EXERCISE REQUIREMENTS:
Once you reach the line containing "The backyard is" in the entries below, write out that line and each one after it down to the line containing "round 12 | |||", exactly and with nothing added.

DATA IN THIS EXERCISE:
+===+

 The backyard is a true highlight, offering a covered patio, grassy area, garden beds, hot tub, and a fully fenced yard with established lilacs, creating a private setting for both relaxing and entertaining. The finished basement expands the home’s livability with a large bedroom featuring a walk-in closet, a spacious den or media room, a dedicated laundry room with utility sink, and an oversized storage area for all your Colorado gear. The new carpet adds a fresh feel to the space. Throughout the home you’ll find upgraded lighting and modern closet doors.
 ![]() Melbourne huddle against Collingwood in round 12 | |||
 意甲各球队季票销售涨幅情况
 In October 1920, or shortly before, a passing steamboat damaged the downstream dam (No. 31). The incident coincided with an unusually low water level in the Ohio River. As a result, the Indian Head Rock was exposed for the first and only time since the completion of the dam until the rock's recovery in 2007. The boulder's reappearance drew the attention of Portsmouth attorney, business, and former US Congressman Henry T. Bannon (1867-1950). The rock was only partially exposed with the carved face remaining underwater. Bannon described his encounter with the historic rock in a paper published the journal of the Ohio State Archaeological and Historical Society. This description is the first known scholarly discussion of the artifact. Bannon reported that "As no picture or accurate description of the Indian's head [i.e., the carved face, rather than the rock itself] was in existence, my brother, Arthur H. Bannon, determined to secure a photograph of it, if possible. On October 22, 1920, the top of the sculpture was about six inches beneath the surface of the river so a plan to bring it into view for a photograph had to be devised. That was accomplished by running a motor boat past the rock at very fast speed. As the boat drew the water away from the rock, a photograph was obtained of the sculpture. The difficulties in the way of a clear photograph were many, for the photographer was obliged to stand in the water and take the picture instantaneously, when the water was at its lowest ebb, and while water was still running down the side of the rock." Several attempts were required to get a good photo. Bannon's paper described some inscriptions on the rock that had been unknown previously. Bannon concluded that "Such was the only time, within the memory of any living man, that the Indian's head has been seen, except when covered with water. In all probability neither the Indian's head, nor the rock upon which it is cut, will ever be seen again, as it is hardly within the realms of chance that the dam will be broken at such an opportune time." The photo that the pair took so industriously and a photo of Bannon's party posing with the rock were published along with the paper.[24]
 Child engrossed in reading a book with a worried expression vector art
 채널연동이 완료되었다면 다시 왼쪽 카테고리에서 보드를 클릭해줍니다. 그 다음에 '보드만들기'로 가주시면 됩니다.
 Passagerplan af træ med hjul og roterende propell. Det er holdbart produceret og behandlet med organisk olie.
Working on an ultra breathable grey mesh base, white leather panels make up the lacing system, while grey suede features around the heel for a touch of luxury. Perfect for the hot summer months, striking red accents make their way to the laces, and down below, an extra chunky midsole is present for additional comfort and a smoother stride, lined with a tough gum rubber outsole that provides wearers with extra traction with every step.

+===+

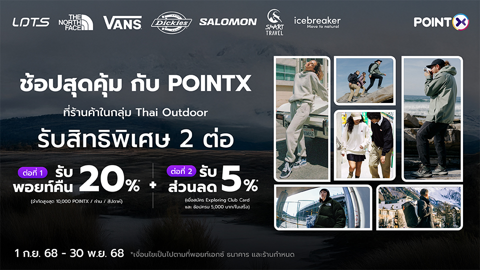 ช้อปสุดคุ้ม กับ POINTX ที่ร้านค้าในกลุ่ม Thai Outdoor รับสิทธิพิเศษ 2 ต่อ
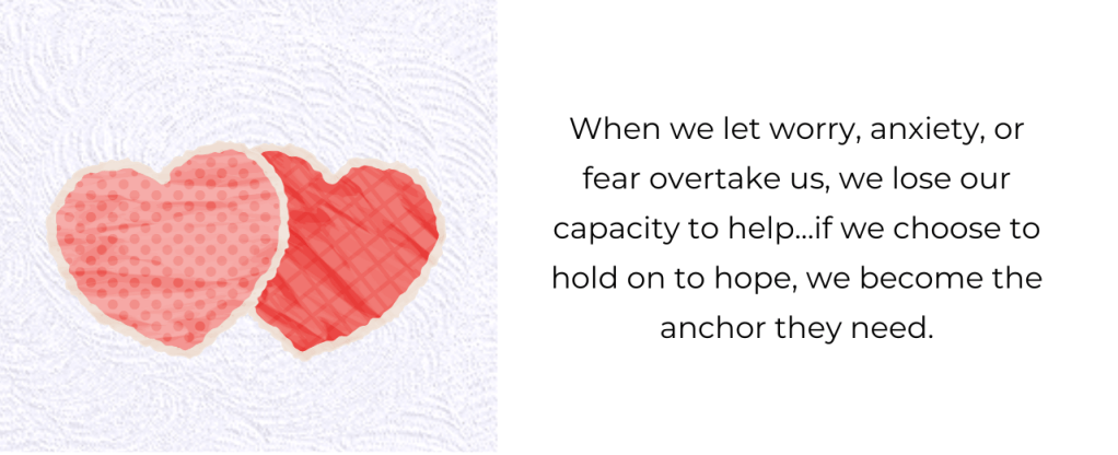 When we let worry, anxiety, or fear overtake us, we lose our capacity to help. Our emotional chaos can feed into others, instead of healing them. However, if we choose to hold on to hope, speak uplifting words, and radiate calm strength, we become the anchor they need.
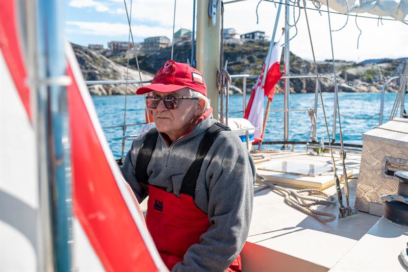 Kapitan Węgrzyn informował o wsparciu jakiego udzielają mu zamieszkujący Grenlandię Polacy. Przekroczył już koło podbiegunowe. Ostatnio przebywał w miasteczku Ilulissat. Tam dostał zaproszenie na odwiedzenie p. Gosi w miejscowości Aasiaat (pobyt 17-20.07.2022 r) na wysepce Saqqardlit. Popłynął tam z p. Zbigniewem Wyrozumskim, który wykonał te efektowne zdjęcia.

+===+

WRITTEN ANSWER:
 The backyard is a true highlight, offering a covered patio, grassy area, garden beds, hot tub, and a fully fenced yard with established lilacs, creating a private setting for both relaxing and entertaining. The finished basement expands the home’s livability with a large bedroom featuring a walk-in closet, a spacious den or media room, a dedicated laundry room with utility sink, and an oversized storage area for all your Colorado gear. The new carpet adds a fresh feel to the space. Throughout the home you’ll find upgraded lighting and modern closet doors.
 ![]() Melbourne huddle against Collingwood in round 12 | |||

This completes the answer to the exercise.